Work order: Return the listing that follows exactly, with no pictures included.

Data shown:
☆ ☆ ☆ ☆ ☆ ☆ ☆
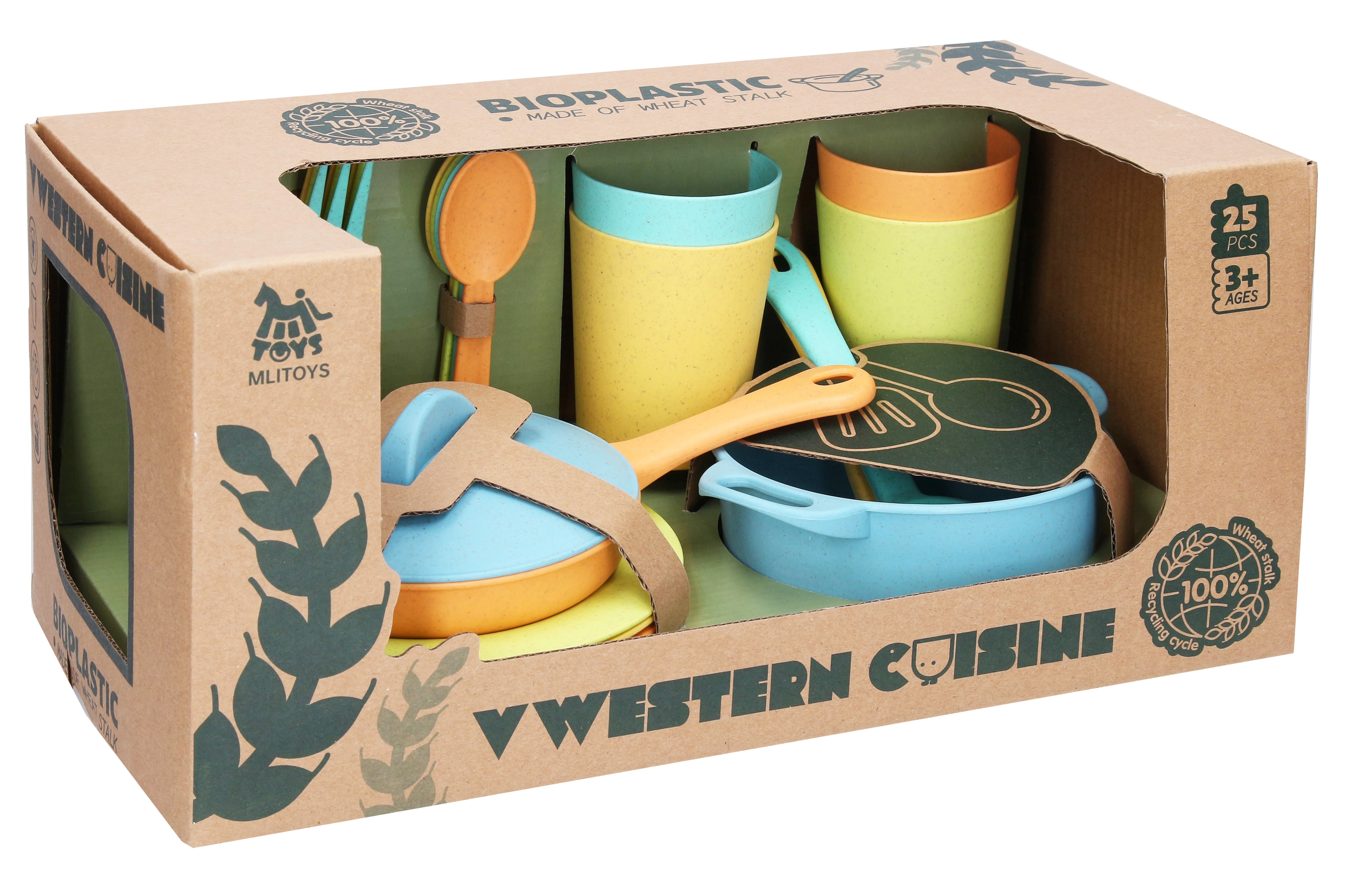 Este set infantil de vajilla de cocina hecho de bioplástico de calidad fomenta hábitos ecológicos y ofrece una experiencia de cocina realista sin desorden. Gracias a su peso agradable y diseño seguro, es perfecto para la habitación infantil y cocinitas de juego.
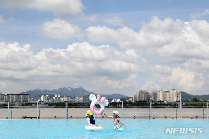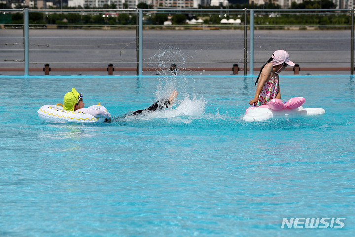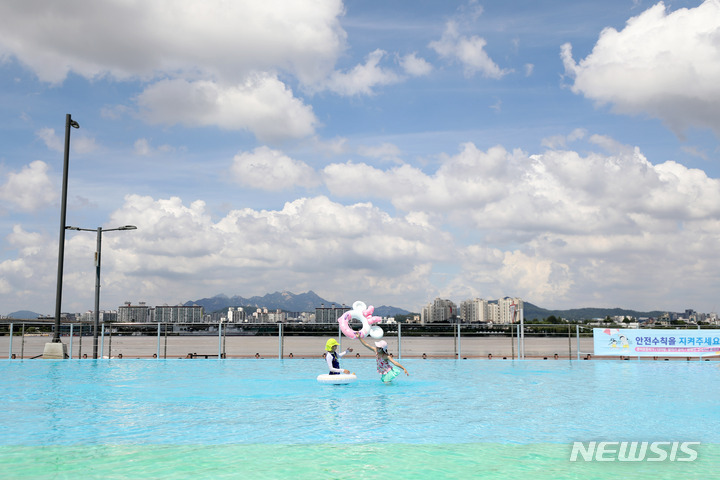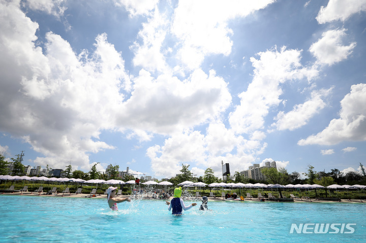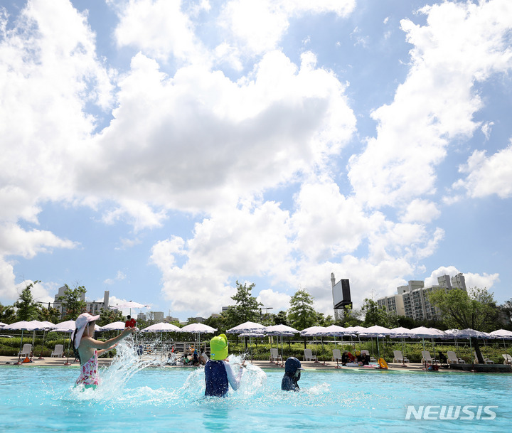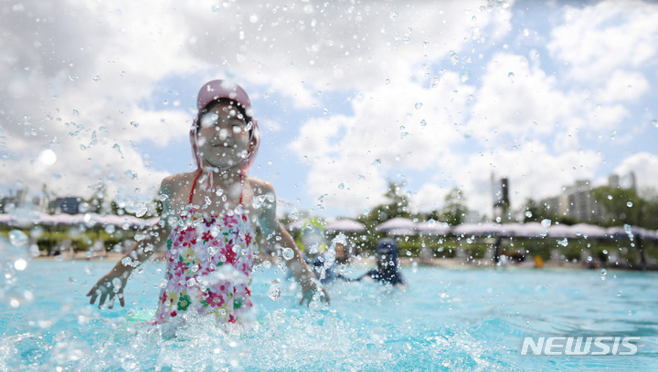 晴天となった1日午後、ソウル市永登浦区の楊花水遊び場では、子どもたちが水遊びを楽しんでいた。
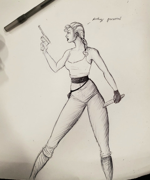 A rough sketch of a character created by the great Damselbinder . Her name his Lupus, AKA Charlie, AKA Varg, and she's from his series 'The Perils of Valora'. Do give it a read if you haven't. It's a wild ride.
☆ ☆ ☆ ☆ ☆ ☆ ☆
Answer for this exercise:
 Este set infantil de vajilla de cocina hecho de bioplástico de calidad fomenta hábitos ecológicos y ofrece una experiencia de cocina realista sin desorden. Gracias a su peso agradable y diseño seguro, es perfecto para la habitación infantil y cocinitas de juego.
 晴天となった1日午後、ソウル市永登浦区の楊花水遊び場では、子どもたちが水遊びを楽しんでいた。
 A rough sketch of a character created by the great Damselbinder . Her name his Lupus, AKA Charlie, AKA Varg, and she's from his series 'The Perils of Valora'. Do give it a read if you haven't. It's a wild ride.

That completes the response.